Napoleon.org – « En une journée à peine [le 4 septembre 1870], le Second Empire s’était effondré comme un château de cartes. » La seule guerre de 1870 n’explique pas la fragilité du régime : selon vous, quelles sont les faiblesses expliquant la fin du Second Empire ?
Thierry Lentz – Cette révolution du 4 septembre est comme toutes celles qui, au XIXe siècle, ont abouti à un changement de régime : faiblesse et perte de contrôle de l’équipe au pouvoir, action décidée des « révolutionnaires », indécision d’un côté et culot de l’autre. Quelques centaines de personnes font chuter un régime qui, trois mois plus tôt, avait réuni les trois quarts du corps électoral ! Qui plus est, une révolution parisienne, une de plus. Il est vrai aussi qu’après Rezonville et Gravelotte, Sedan est une défaite inouïe et que l’Empire en paie le prix fort… mais à la hauteur de l’échec militaire.
Napoleon.org – Vous nous apprenez que le renouveau historiographique sur Napoléon III est passé par le dépôt de nouvelles sources privées aux Archives nationales à partir de la fin des années 1970, dépôt inédit ayant lui-même engendré un nouvel intérêt pour des sources administratives jusqu’ici non exploitées. Quels étaient ces dépôts et pourquoi ont-ils été faits à ce moment ?

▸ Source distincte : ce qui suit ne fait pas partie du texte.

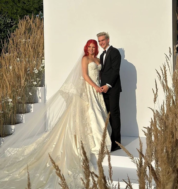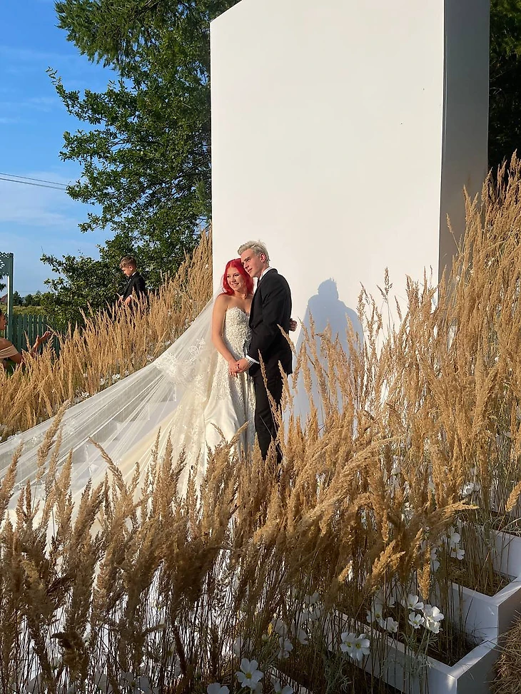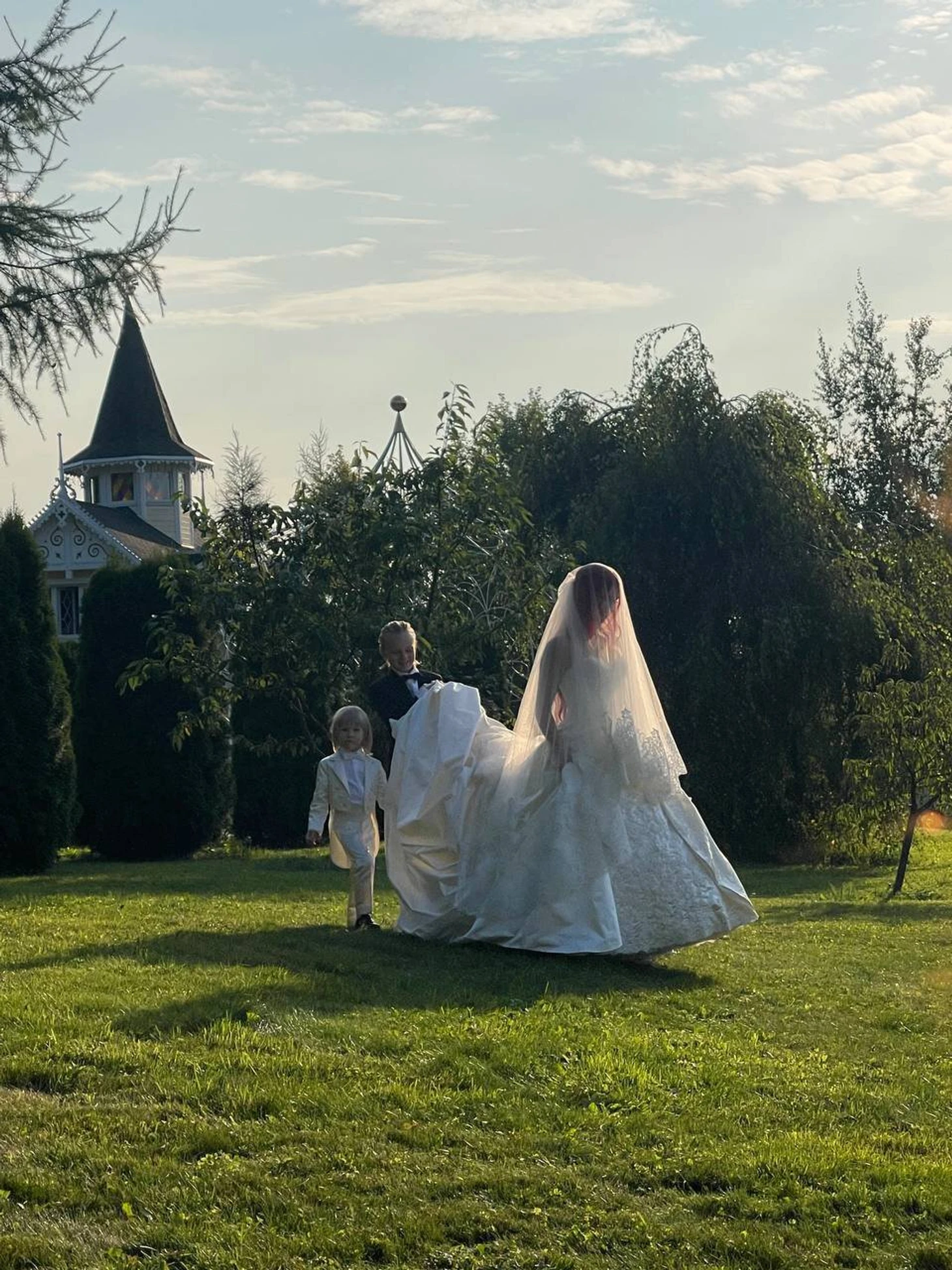 Вечерняя часть свадьбы проходила на природе. На фоне сказочного пейзажа Саша шла к Макару в новом платье. На этот раз в очень пышном и с длинным шлейфом, несли который сыновья Рудковской и Евгения Плющенко – Саша и Арсений.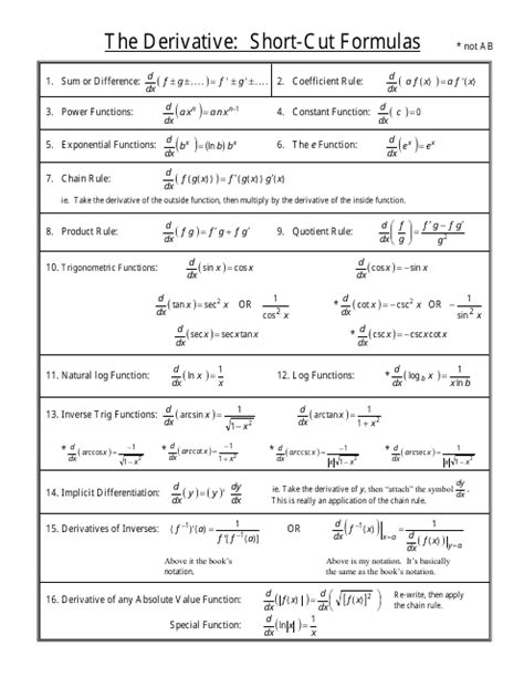 Where c is a constant 2. Web derivative shortcuts the basic three: • we use f(x) (capital) to represent the family of antiderivatives of a function f(x) (lower case). D dx (xn) = nxn 1 3. F g 0 = f0g 0fg g2 5. Type f (x) f '(x) text section power xp pxp−1 3.1 exponential bx ln(b)⋅bx 3.1 exponential (special case) ekx kekx 3.1 trig sin(x) cos(x) 3.4 trig cos(x) −sin(x) 3.4 the five ways:. Where c is a constant 2. C are constants, with b > 0. Web derivative and antiderivative shortcuts notes: (fg)0 = f0g +fg0 4. Similarly for in this table, and • a, b, c, g and h.

Thierry Lentz – Les archives générales existaient avant les années 1970 mais étaient peu exploitées. Les dépôts de la famille impériale ont complété la documentation sur le plan historique ainsi que les fonds privés entrés aux Archives nationales mais aussi détenus par la BnF, au département des manuscrits, dont Charles-Eloi Vial est un des conservateurs ouverts et dynamiques. Toute cette matière doit être creusée et remuée, en même temps que les études locales. Ajoutons-y que les affaires diplomatiques mériteraient aussi un renouveau, entamé d’ailleurs notamment par Yves Bruley. Avec Éric Anceau comme chef de file, l’affaire est désormais entre les mains des meilleurs.
Napoleon.org – Question inévitable… Y a-t-il du Napoléon Ier dans la personnalité de Napoléon III ?
Thierry Lentz – C’est vrai qu’après avoir beaucoup étudié Napoléon Ier, on entre dans un autre monde et une autre époque avec Napoléon III. Les deux personnalités sont évidemment différentes mais ce qui frappe le plus, c’est la proximité du Second Empire avec notre temps. Les problématiques sont souvent très contemporaines et presque « pratiques » pour l’étude de la société et de la politique, tandis que le Premier Empire a pour sa part un héritage touchant plus aux grands principes d’organisation de la société.